In general, we use katcp sensors for information that should be archived
alongside the data to facilitate its interpretation, as well as sensors that
are needed by other subsystems in the MeerKAT telescope. Prometheus metrics
are used for detailed health and performance monitoring. However, this rule is
not hard-and-fast, and some information is reported via sensors for historical
reasons.

.. _katcp: https://katcp-python.readthedocs.io/en/latest/_downloads/361189acb383a294be20d6c10c257cb4/NRF-KAT7-6.0-IFCE-002-Rev5-1.pdf
.. _Prometheus: https://prometheus.io/
.. _Grafana: https://grafana.com

There is a third monitoring mechanism (event monitoring) intended for
development purposes.

.. _monitoring-sensors:

katcp sensors
-------------
The katcp sensors are self-documenting: issuing a ``?sensor-list`` request to
any of the servers will return a list of the sensors with descriptions. We
thus limit this section to sensors that need a more detailed explanation.
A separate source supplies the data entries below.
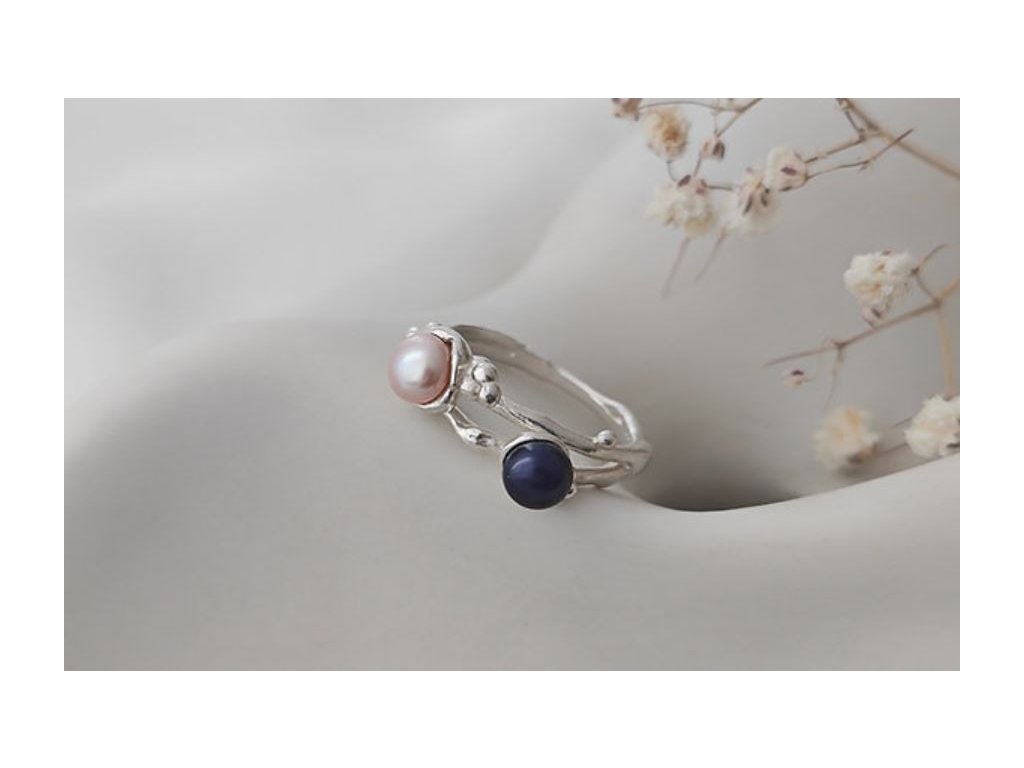 Stříbrný prsten s organickými liniemi propojuje jemnou růžovou a tajemně modro-černou perlu, čímž vytváří jedinečný kontrast plný elegance.
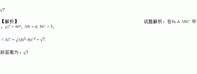 在Rt△ABC中,∠C=90°,AB=4,BC=3,则AC的长为____.
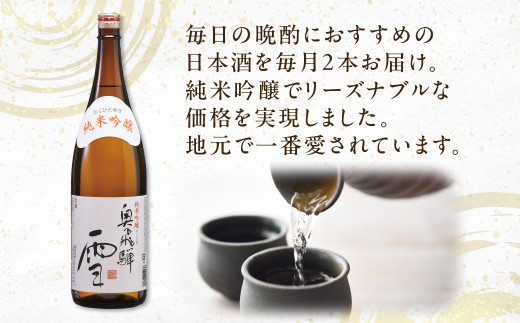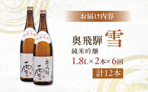 - 【定期便 6回】奥飛騨純米吟醸 雪 1.8L×2本(6ヶ月 計12本) 定期 毎月 酒 奥飛騨酒造 おすすめ 下呂市 純米吟醸 日本酒 6ヶ月
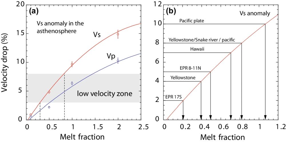 Debayle等研究还发现,在快速运动(大于4cm/year)的板块,如太平洋板块下部,软流圈100-200 km深度处的熔体含量也高。这表明,熔体促进了变形,而变形支持LVZ中熔体的滞留。少量熔体的存在可使构造板块下方地幔的粘滞系数降低1-2个量级,使板块与下伏地幔“解耦”。
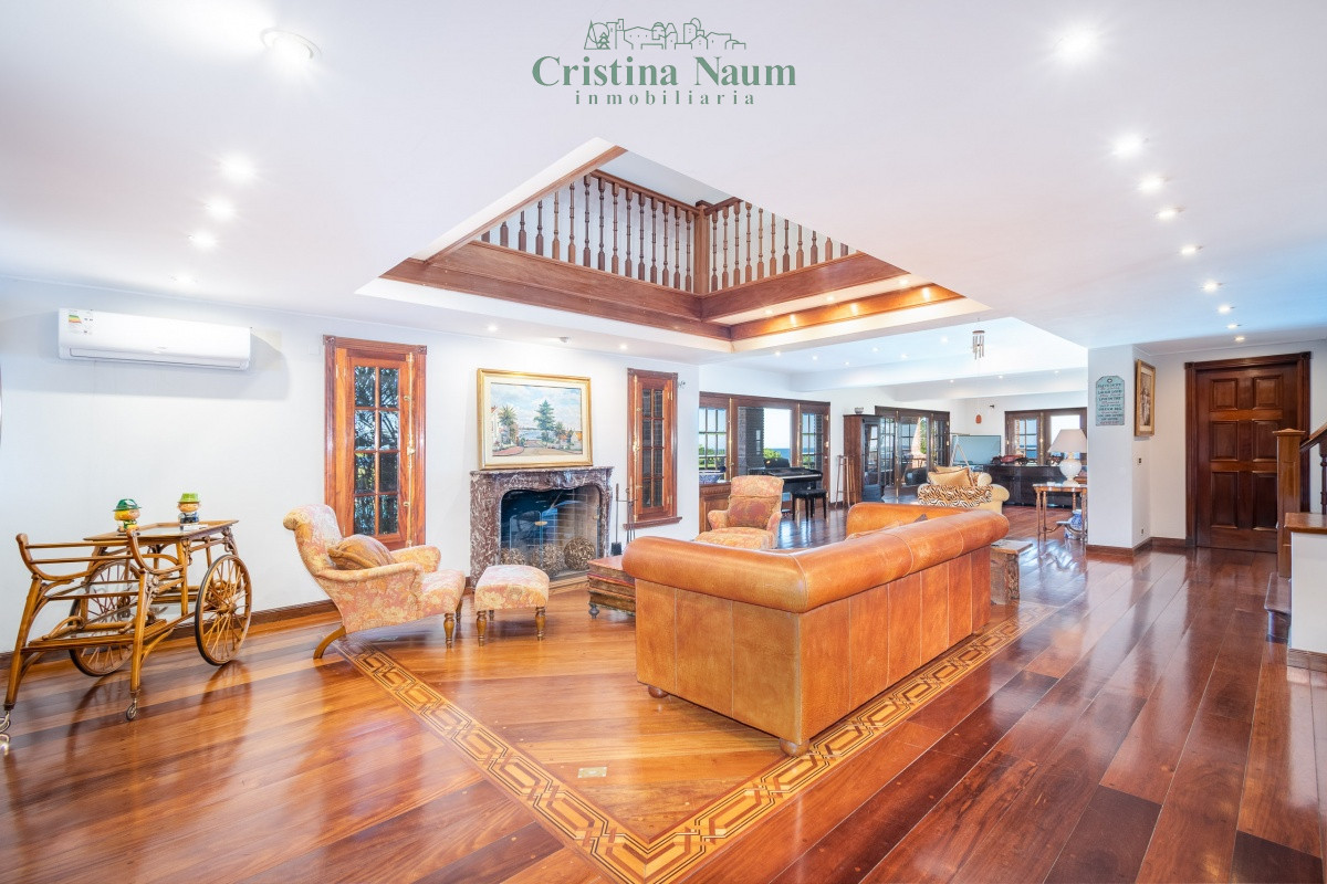 Estilo europeo de construcción tradicional . con tres niveles que comprenden desde un subsuelo con grandes espacios de garaje en subsuelo, gym , home cinema, vestuarios , en primer nivel el increíble living, comedor , office, cocina con isla y mesa desayunador,toilette y un dormitorio en suite. Rodeada de galerías al mar que conectan out-in y nos dan vista en todo momento, en el tercer nivel encontramos su mega master suite con dos walk - in closet y tres suite más . bbq area con piscina climatizada interior incluida, puente vidriado a la piscina . La propiedad cuenta con extras como dos departamentos completos de huéspedes. En el increíble jardín encontramos una piscina de dimensiones con distintas situaciones en las que hasta podemos nadar por debajo de un puente en el que por medio de un blindex a la bbq conecta estos dos ambientes.
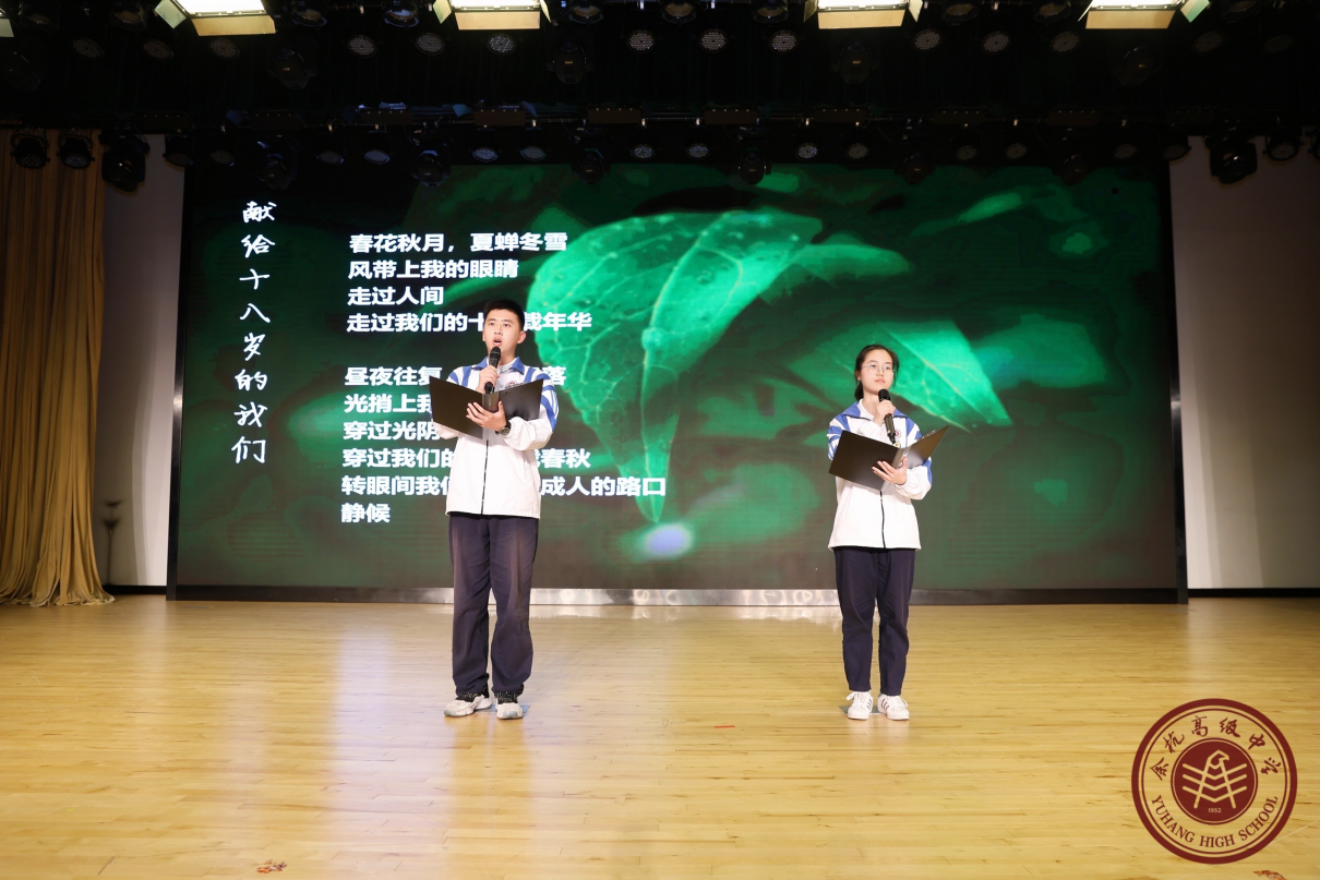 除了师长、家长的祝福与期许外,毕业的学长学姐们从各自的学校发来祝福。感受来自各处的余高力量,感受奔赴战场前的余高精神,这些无不在激励着“余高人”奋力向前!高三(2)班的柯任泉同学和高三(16)班的潘欣宇同学带来朗诵《献给十八岁的我们》,表达自己对青春的理解与感悟。
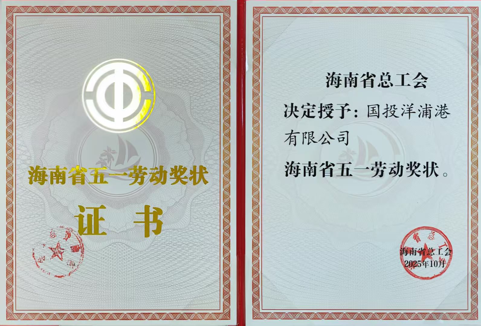荣誉见证奋斗,未来更添干劲。国投洋浦港将以此次荣获“海南省五一劳动奖状”为新的起点,大力弘扬劳模精神、劳动精神、工匠精神,持续深化港产融合、绿色转型、数智升级,在海南自贸港封关运作攻坚战中再立新功,为区域高质量发展贡献国投力量!
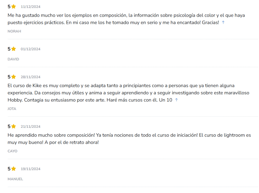 ➡️ Lee lo que los estudiantes han dicho sobre su experiencia real dentro del curso.
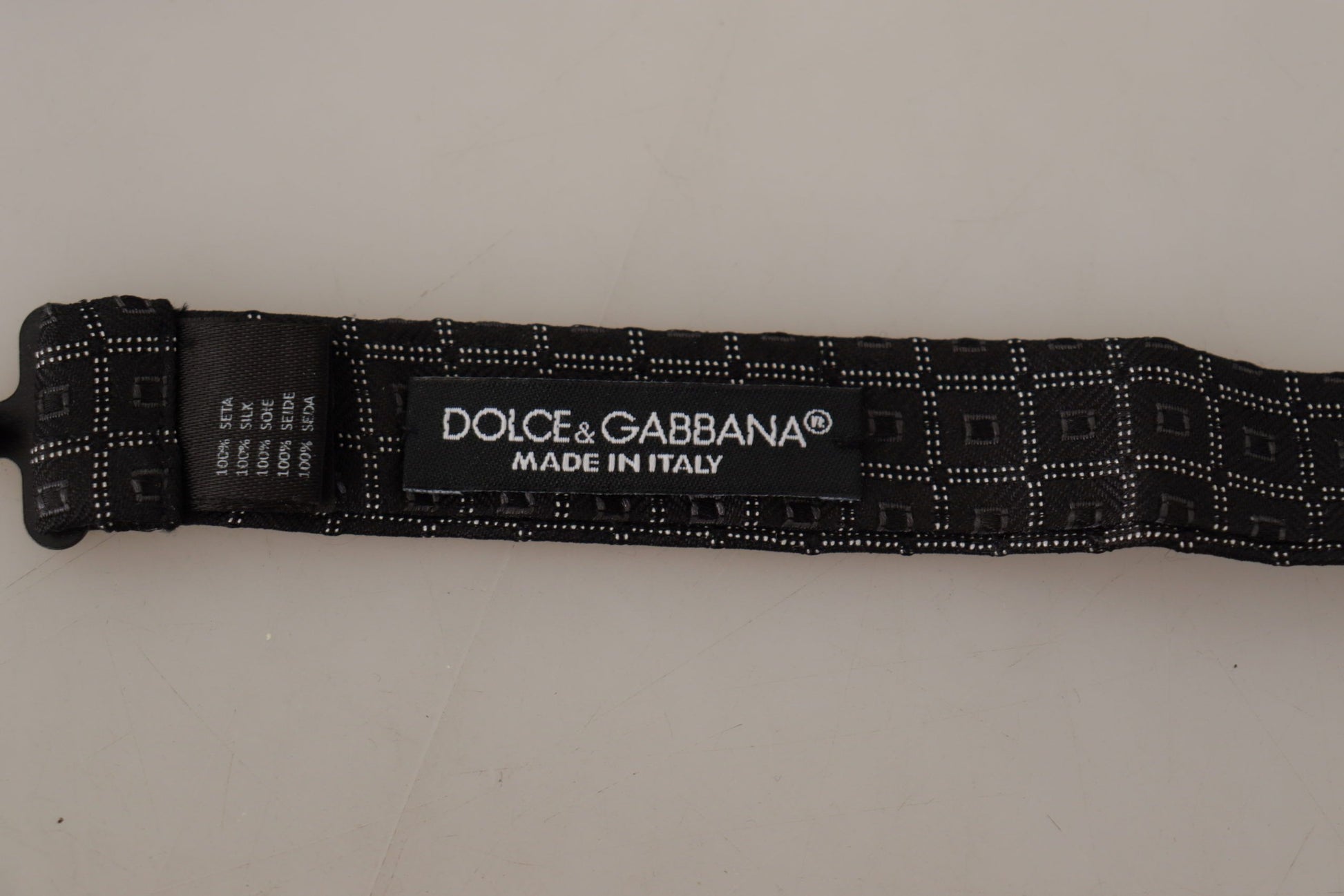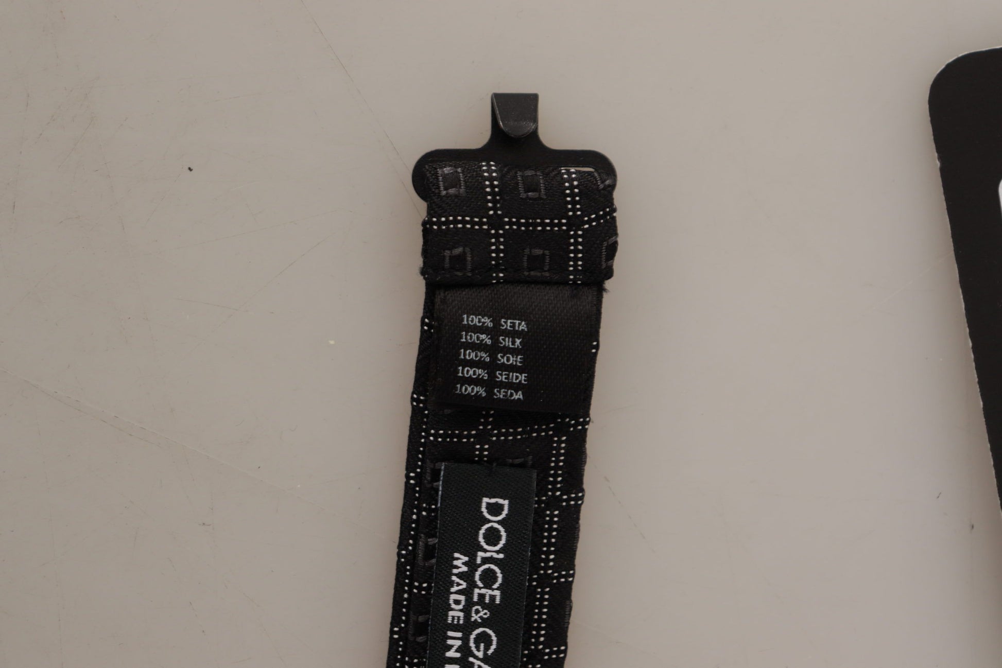 Sophisticate your ensemble with this stunning, 100% Authentic Dolce & Gabbana black silk bow tie. Perfect for exclusive events, this tied bow tie features a captivating Fantasy Print, offering a touch of elegance to any outfit. Crafted in Italy, it boasts an adjustable neck strap ensuring a perfect fit for any gentleman.

It should be noted that a large number of sensors describing static
configuration (number of channels, accumulation length and so on) are provided
by the product controller rather than this module.

``steady-state-timestamp``
    This sensor is provided by ``dsim``, ``fgpu`` and ``xbgpu``. It can be used to
    synchronise katcp requests with the data. After issuing a katcp request
    that will alter the data stream (such as ``?signals``, ``?gain`` or
    ``?delay``), query the sensor. It will contain an ADC timestamp. Any data
    received with that timestamp or greater will be up to date with the
    effects of all prior requests.

    It should be noted that a ``?delay`` request with a future load time is
    considered to have taken effect when the delay model has been updated,
    even if that load time has not yet been reached.

    It should also be noted that the sensor value from a ``dsim`` does not
    take into account any delays applied by F-engines. One should add the
    delay of the corresponding F engine (or an upper bound on it) to obtain a
    safe timestamp for post–F-engine data streams.

``signals``, ``period`` and ``dither-seed`` (dsim)
    To reproduce the output of the dsim exactly, it is necessary to save all
    three of these sensors, and pass the ``dither-seed`` back to the
    :option:`!--dither-seed` command-line option and the other two to the
    ``?signals`` request (as well as keeping other command-line arguments the
    same).

Prometheus metrics
------------------
To enable Prometheus metrics for any of the services, pass
:option:`!--prometheus-port` to specify the port number. The metrics are then
made available at the ``/metrics`` HTTP endpoint on that port. Pointing a web
browser at that endpoint will show the available metrics with their
documentation.

Event monitoring
----------------
It is also possible to perform very detailed monitoring of events occurring
within fgpu and xbgpu, particularly related to time spent waiting on queues.
This is intended for debugging performance issues rather than production use,
as it has much higher overhead than the other monitoring mechanisms. To
activate it, pass :option:`!--monitor-log` with a filename to the process. It
will write a file with a JSON record per line. The helper script in
:program:`scratch/plot.py` can be used to show a visualisation of the various
queues over time. It's not recommended for more than a few seconds of data.